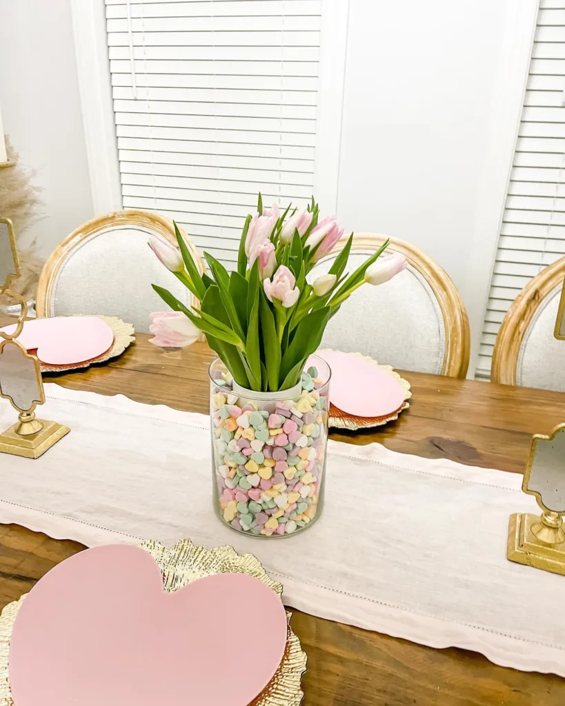 Glass jars filled with Valentine’s candies (hearts, chocolates) as centerpiece, topped with ribbon-tied bows.
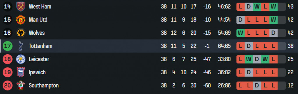 Međutim, aktuelna situacija nije najgore što se ekipi Totenhema može dogoditi. Naime, ukoliko sezonu okončaju na navedenoj 18. poziciji, ekipi sa "Vajt Hart Lejna" preti potpuni kolaps.
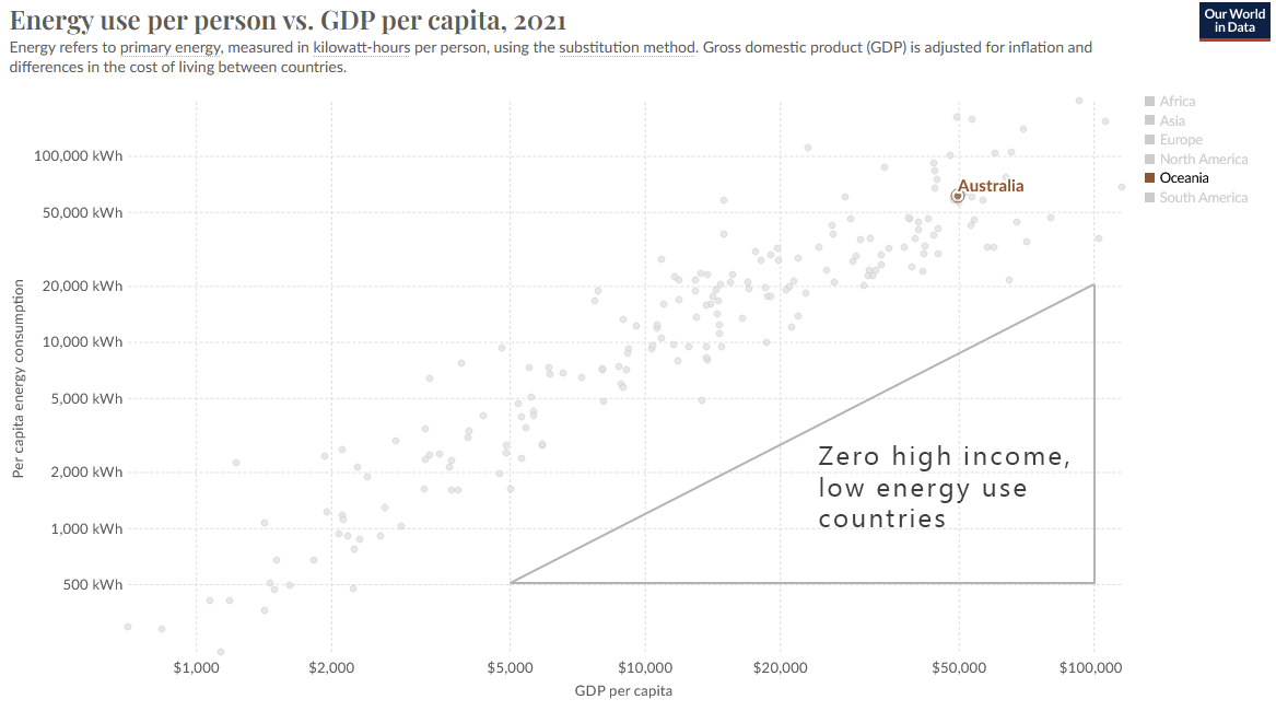 Dimery issued that warning without considering the delays in transitioning; the fact is renewables will cost households more than coal, and we will have to adjust accordingly. On that depressing note, here’s your friendly reminder that no economy has ever become or stayed rich while using less energy.
****************************************
**Your goal**
Give the data again exactly. Keep the images out.

**Output for this exercise**
 Glass jars filled with Valentine’s candies (hearts, chocolates) as centerpiece, topped with ribbon-tied bows.
 Međutim, aktuelna situacija nije najgore što se ekipi Totenhema može dogoditi. Naime, ukoliko sezonu okončaju na navedenoj 18. poziciji, ekipi sa "Vajt Hart Lejna" preti potpuni kolaps.
 Dimery issued that warning without considering the delays in transitioning; the fact is renewables will cost households more than coal, and we will have to adjust accordingly. On that depressing note, here’s your friendly reminder that no economy has ever become or stayed rich while using less energy.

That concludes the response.